## ACTION ITEM
There should be no pictures in your answer, only an exact copy of the lines from the one with "日前,实验室成员莫建文老师指" through the end of the material.

::: THE DATA

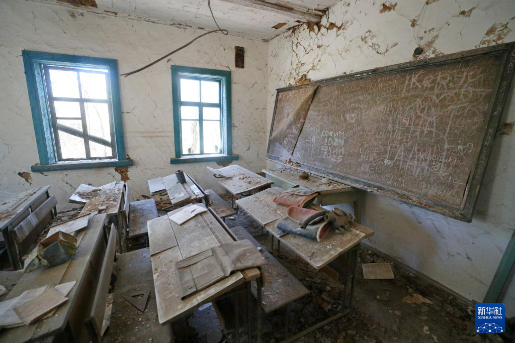 这是4月22日在白俄罗斯波列西耶国家辐射生态保护区内的德罗尼基村拍摄的一所废弃学校的教室。新华社发(任科夫摄)
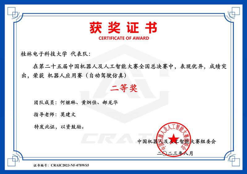 日前,实验室成员莫建文老师指导的学生团队(何继琳、黄炯佳、郝龙华组成)参加第二十五届中国机器人及人工智能大赛的机器人应用赛(自动驾驶仿真),获得全国总决赛二等奖。
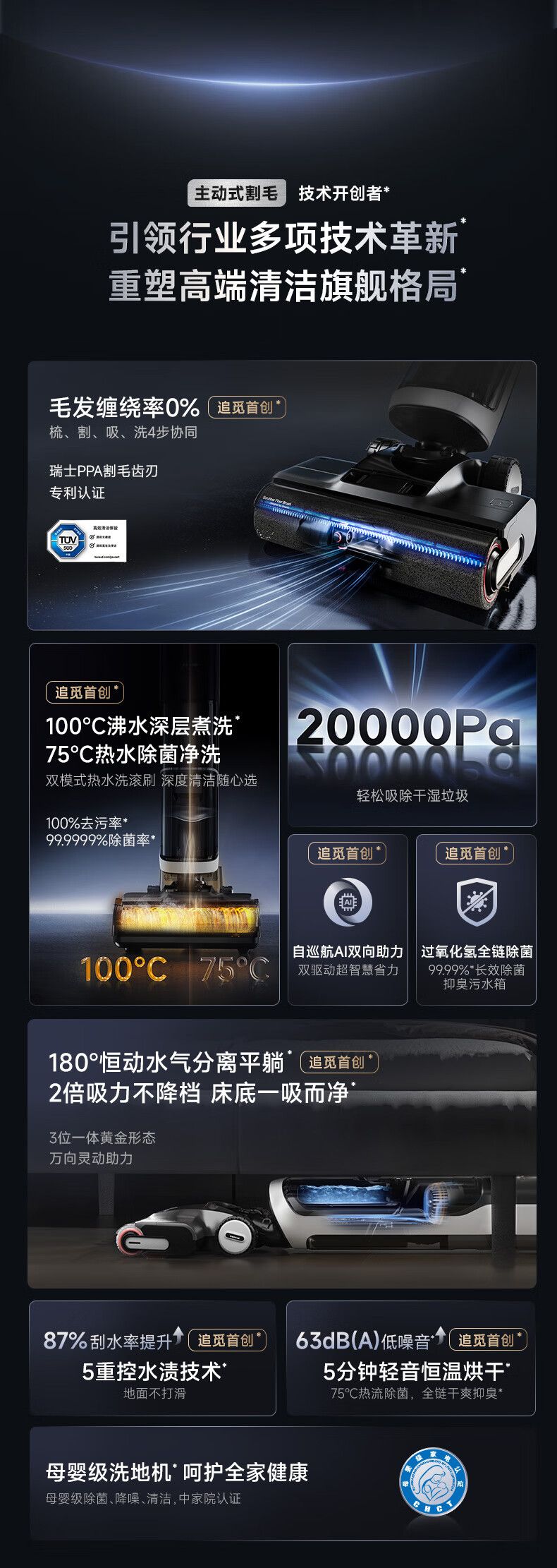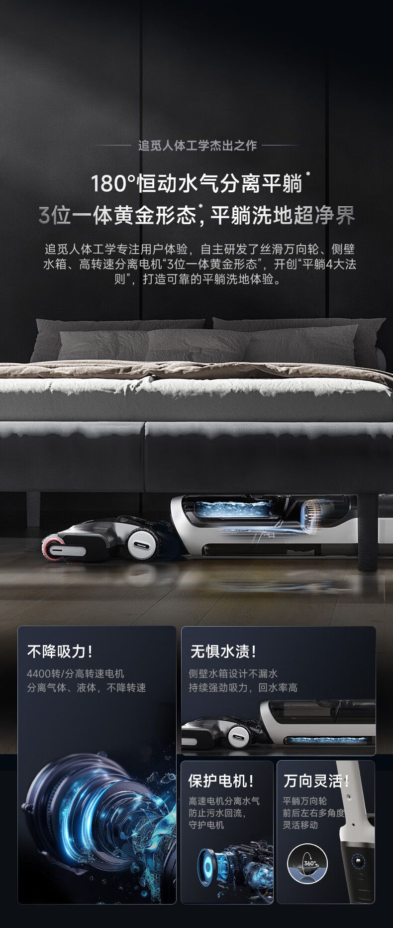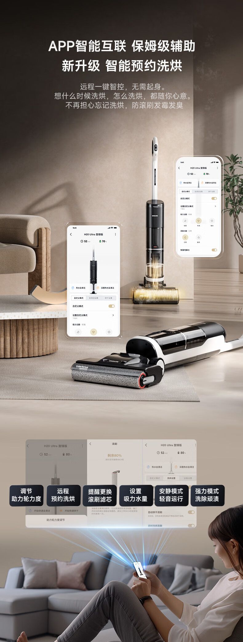 追觅H30 Ultra旋锋版躺平 0缠毛 AI助力无线智能家用热水洗地机高温速干双贴边吸拖洗烘一体扫地机

::::::

## WRITTEN SOLUTION
 日前,实验室成员莫建文老师指导的学生团队(何继琳、黄炯佳、郝龙华组成)参加第二十五届中国机器人及人工智能大赛的机器人应用赛(自动驾驶仿真),获得全国总决赛二等奖。
 追觅H30 Ultra旋锋版躺平 0缠毛 AI助力无线智能家用热水洗地机高温速干双贴边吸拖洗烘一体扫地机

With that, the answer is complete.